And it was done on some more two-out, seventh inning magic.

The Colonels were facing a 3-2 deficit in the bottom of the seventh against Holy Cross on Saturday in the semifinals, the Indians a strike away from pulling off what would have been considered a mammoth upset. But a walk, error and two passed balls later, the Colonels pulled off the comeback for a 4-3 victory and advancing to Tuesday’s championship to take on Beechwood for the 10th straight season.

CovCath scored three more in the seventh on Tuesday night, knocking off Beechwood 7-4 at Meinken Field.

“I’ve never really had a team like this. I’ve always been fortunate to have a lot of seniors every year I’ve coached up until now. Only have four and they’ve done a good job leading and that’s for sure,” Colonels coach Bill Krumpelbeck said.

Jackson Reardon’s go-ahead RBI single in the seventh inning proved to be the difference maker for a Colonels team that had left 12 on the basepaths in the first six innings.

“We’ve been stressing in practice lay off that first pitch curveball, which we were getting in trouble earlier in the game. They did a little bit better laying off it and looking for your pitch. We’ve pretty much preached in practice,” Krumpelbeck said.

After Matthew Kappes got the first two outs of the frame via strikeout, Charlie Dieruf started the rally with a two-out double on a blooper to right, Reardon following with a single to left center to score him.

Max Lawrie and Owen Leen added run-scoring singles for insurance and a three-run lead headed to the final frame. Senior Jonathan Fitz came on in the bottom half for the save, striking out two and working around a walk and hit batter. Fitz is normally the team’s backbone of defense at catcher or leading hitter, he can now add closer as another title.
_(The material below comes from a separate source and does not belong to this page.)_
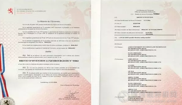 該發(fā)明專利以2015年8月的中國發(fā)明專利為優(yōu)先權(quán)向國際專利局申請PCT專利,獲得國際專利局發(fā)出的具有“新穎性、先進性和工業(yè)實用性”的國際階段審查結(jié)論;繼而于2016年5月通過中歐專利代理機構(gòu)進入申請盧森堡國家階段,并于近日獲得授權(quán)(授權(quán)日:2016年11月11日)。

“I kind of knew before coming into the day that if we had a lead going into the seventh I was throwing that. I was ready for it, I knew it was coming, so just happy I got the opportunity,” Fitz said.

The game started off with a fury, the Colonels plating two runs on a Lawrie sac fly RBI and a Leen sac bunt RBI. Dieruf struggled on the bump in the first inning, allowing four Tiger hits for three runs.

Krumplebeck turned to Chris Young, who came on with the bases loaded and two outs, getting a strikeout to end the inning.

Young would go on to pitch the next four innings scoreless until Keagan Hutton’s pinch-hit double scored Mason Preston to tie the game up at four in the sixth. It was just Hutton’s third at-bat of the season, delivering the game-tying hit.

“He’s got pop. He’s hit some bombs in practice. We were debating on it, grabbed somebody and told him to get in there and pinch-hit. At first, I thought it was gone. Pressure situation for a sophomore, pretty cool,” Tigers coach Kevin Gray said.

Beechwood looked like they were up to some more late inning heroics as they have done throughout the season, but Young got out of the threat to get a groundout and flyout as the two teams headed to the seventh knotted at 4-4.

Matthew Kappes got two strikeouts to start the seventh, the Tigers looking for their first 1-2-3 inning of the game.

But Dieruf’s bloop found turf, advancing to second as a hard charging Cameron Boyd couldn’t come up with the ball initially. Reardon then settled back and waited for his pitch.

“Wasn’t really thinking much, just put the ball in play, just get a hit and do what I had to do,” Reardon said. “Early in the game I was just way ahead and was just thinking wait back and take it the other way and that normally does something for me.”

Young held a powerful Beechwood offense to just four hits over 5.1 innings and striking out six. His sidearm delivery left the Tigers hitters batters off track.

“We haven’t seen it. His ball moved so we kept trying to tell the guys to go the opposite way and we kept trying to pull it and we were hitting routine ground balls. He’s a pitcher, he’s not a thrower and knows how to pitch. Kept us off-balanced,” Tigers coach Kevin Gray said.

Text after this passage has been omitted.